Of course, board membership does not by itself normally create an employment relationship. But as a response to these initiatives, some European companies have undertaken commitments to increase diversity beyond their boards and into their general work force. European clients are increasingly asking for guidance in taking the next logical step after adding women to their boards: requiring U.S.- based managers to consider gender in making employment decisions.

But in the United States, mandatory hiring quotas based on gender, or any other protected factor, may violate anti-discrimination laws. One person's progressive goal may be perceived as another's barrier to advancement. While the law encourages voluntary diversity and affirmative action, these efforts are subject to careful scrutiny to assure that they do not constitute unlawful "reverse discrimination."

Legal Challenges

Diversity in the workplace is of course an important goal. In Grutter v. Bollinger, the Supreme Court recognized: "Major American businesses have made clear that the skills needed in today's increasingly global marketplace can only be developed through exposure to widely diverse people, cultures, ideas, and viewpoints."Grutter's context was a challenge to a public university's admissions processes.

Prior to Grutter, the Supreme Court articulated in United Steelworkers v. Weber5 its test for determining whether race-conscious decisions in private employment, normally prohibited by anti- discrimination laws, could be permissible. In Weber, the court reviewed a collective bargaining agreement which required the employer's local plants to reserve at least 50 percent of certain jobs for African-Americans, until the percentage of skilled African-American workers in those jobs was comparable to their representation in the local labor force.

The court held that the plan complied with anti-discrimination law because it did not require any non- beneficiaries to be dismissed, did not create an absolute bar to the advancement of non-beneficiaries, and was a temporary measure, not designed to maintain racial balance. Thus, the plan did not "unnecessarily trammel the interests of white employees."

Similarly, in Johnson v. Transportation Agency,6 the Supreme Court upheld a county agency's affirmative action plan which used gender as a factor in promotion decisions in traditionally segregated jobs in which women were significantly underrepresented. The plan was aimed at remedying a manifest imbalance in a traditionally segregated job; again, it was temporary in nature, seeking to eradicate this imbalance; and, as it did not require non-beneficiaries to be dismissed or create a bar to their advancement, did not "unnecessarily trammel" the rights of non-beneficiaries.

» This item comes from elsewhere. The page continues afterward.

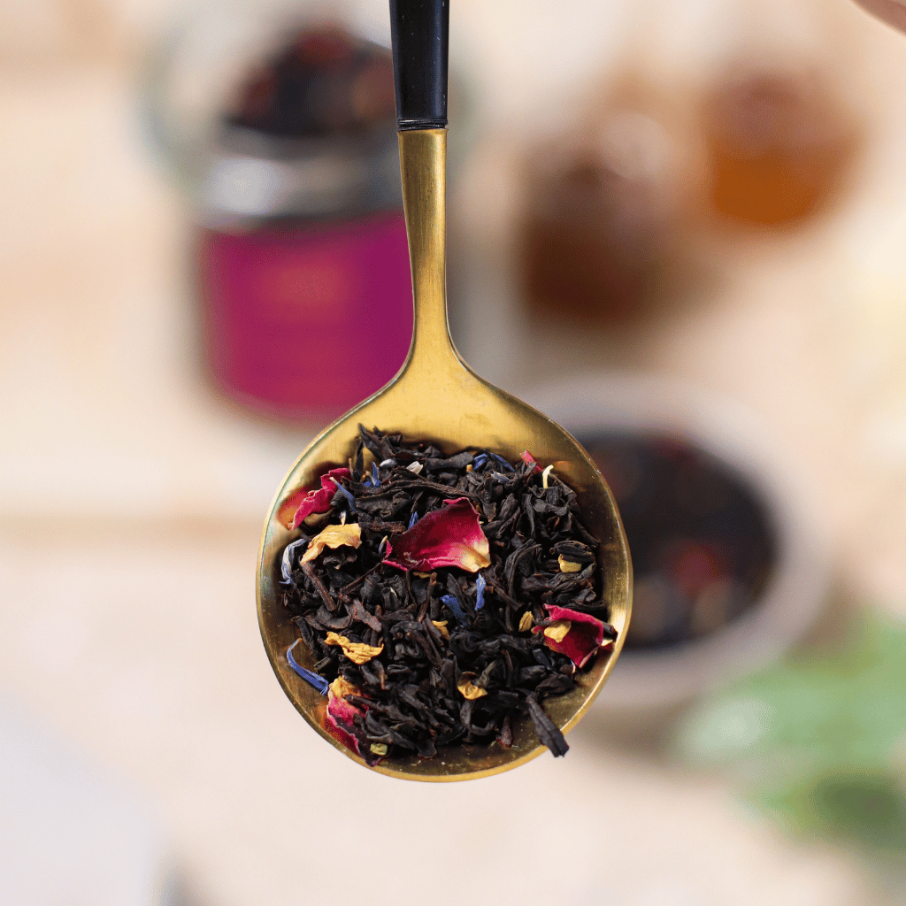 Herbata czarna, aromat, płatki róży, kwiaty słonecznika, kwiaty bławatka.

The Supreme Court has more recently chipped away at Grutter's full-throated endorsement of diversity. In Ricci v. DeStefano,7 the city of New Haven discarded the results of a pre-employment firefighters' examination that resulted in mostly white candidates having better scores, because the city feared that minority test-takers could sue for discrimination. As a result, non-minority firefighters sued, claiming that the decision constituted unlawful "reverse" discrimination.

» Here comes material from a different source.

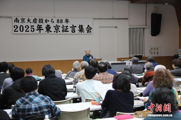中新網(wǎng)東京12月13日電 (記者 朱晨曦)今年是南京大屠殺慘案發(fā)生88周年,今年12月13日是第十二個(gè)南京大屠殺死難者國(guó)家公祭日。11日晚,日本民間團(tuán)體“No More南京之會(huì)”在日本東京全水道會(huì)館舉行集會(huì),上百名參加者通過證詞與影像記錄,重新面對(duì)那段戰(zhàn)爭(zhēng)慘劇。

The Supreme Court ruled in favor of the non-minority firefighters. The court said it did not "question an employer's affirmative efforts to ensure that all groups have a fair opportunity to apply for promotions and to participate in the process by which promotions will be made." But the employer's action in invalidating the test results on the basis of race, "absent a strong basis in evidence of an impermissible disparate impact, amounts to the sort of racial preference that Congress has disclaimed…and is antithetical to the notion of a workplace where individuals are guaranteed equal opportunity regardless of race."8

In June 2015, the Supreme Court decided to take another look at this issue, accepting certiorari in Fisher v. University of Texas at Austin,9 in which the plaintiff has challenged the university's affirmative action plan, claiming she was denied admission because she is white.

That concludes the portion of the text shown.